-- Data shown follows --

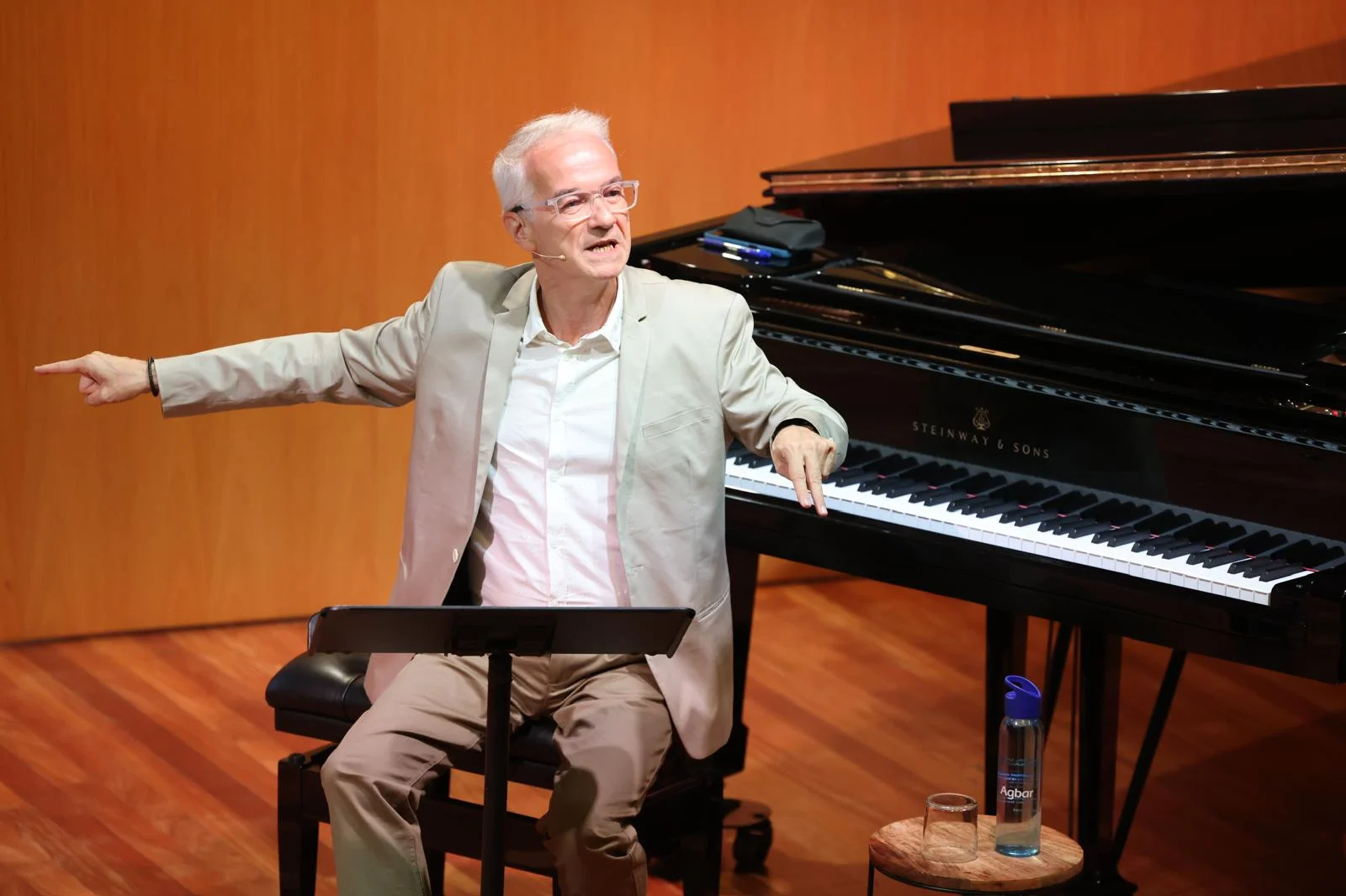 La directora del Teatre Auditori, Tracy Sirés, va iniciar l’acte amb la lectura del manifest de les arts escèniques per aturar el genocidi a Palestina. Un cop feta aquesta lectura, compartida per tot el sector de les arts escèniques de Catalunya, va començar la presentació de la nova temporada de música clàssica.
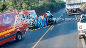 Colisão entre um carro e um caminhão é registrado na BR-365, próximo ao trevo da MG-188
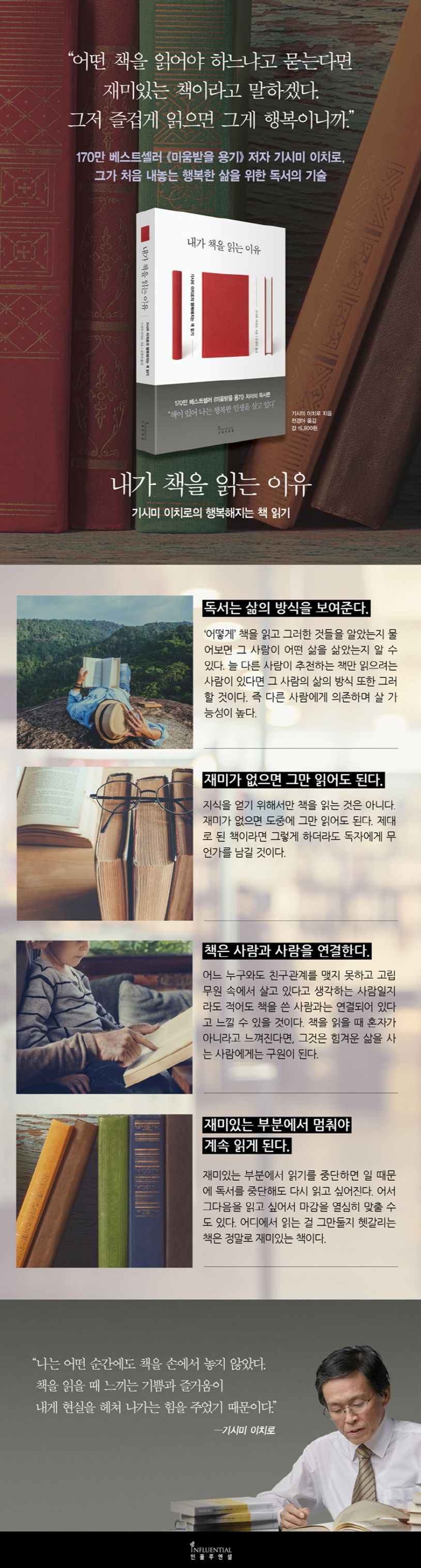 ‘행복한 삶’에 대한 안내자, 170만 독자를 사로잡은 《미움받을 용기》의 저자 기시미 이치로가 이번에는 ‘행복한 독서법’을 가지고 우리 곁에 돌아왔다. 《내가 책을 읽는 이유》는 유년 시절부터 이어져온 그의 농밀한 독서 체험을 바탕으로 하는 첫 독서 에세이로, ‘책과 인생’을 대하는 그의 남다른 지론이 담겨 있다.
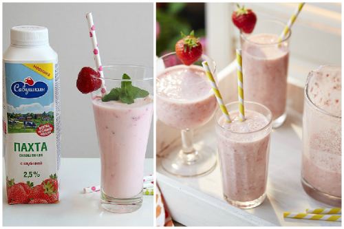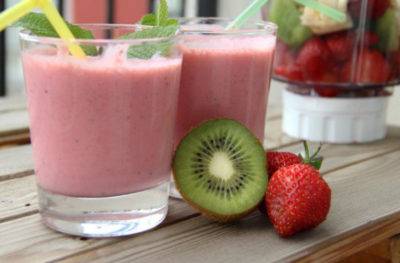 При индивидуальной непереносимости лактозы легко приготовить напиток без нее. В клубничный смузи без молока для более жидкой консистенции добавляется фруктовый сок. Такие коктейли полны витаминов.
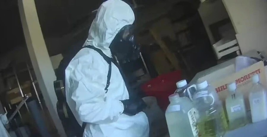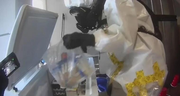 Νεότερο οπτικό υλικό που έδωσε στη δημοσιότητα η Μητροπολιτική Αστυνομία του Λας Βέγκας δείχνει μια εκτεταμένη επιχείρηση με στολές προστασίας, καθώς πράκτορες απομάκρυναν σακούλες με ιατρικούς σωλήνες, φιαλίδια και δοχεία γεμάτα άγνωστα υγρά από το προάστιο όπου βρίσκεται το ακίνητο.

-- Data shown concluded --

### Task to complete
Reproduce every line above as written, skipping pictures.

### Exercise output
 La directora del Teatre Auditori, Tracy Sirés, va iniciar l’acte amb la lectura del manifest de les arts escèniques per aturar el genocidi a Palestina. Un cop feta aquesta lectura, compartida per tot el sector de les arts escèniques de Catalunya, va començar la presentació de la nova temporada de música clàssica.
 Colisão entre um carro e um caminhão é registrado na BR-365, próximo ao trevo da MG-188
 ‘행복한 삶’에 대한 안내자, 170만 독자를 사로잡은 《미움받을 용기》의 저자 기시미 이치로가 이번에는 ‘행복한 독서법’을 가지고 우리 곁에 돌아왔다. 《내가 책을 읽는 이유》는 유년 시절부터 이어져온 그의 농밀한 독서 체험을 바탕으로 하는 첫 독서 에세이로, ‘책과 인생’을 대하는 그의 남다른 지론이 담겨 있다.
 При индивидуальной непереносимости лактозы легко приготовить напиток без нее. В клубничный смузи без молока для более жидкой консистенции добавляется фруктовый сок. Такие коктейли полны витаминов.
 Νεότερο οπτικό υλικό που έδωσε στη δημοσιότητα η Μητροπολιτική Αστυνομία του Λας Βέγκας δείχνει μια εκτεταμένη επιχείρηση με στολές προστασίας, καθώς πράκτορες απομάκρυναν σακούλες με ιατρικούς σωλήνες, φιαλίδια και δοχεία γεμάτα άγνωστα υγρά από το προάστιο όπου βρίσκεται το ακίνητο.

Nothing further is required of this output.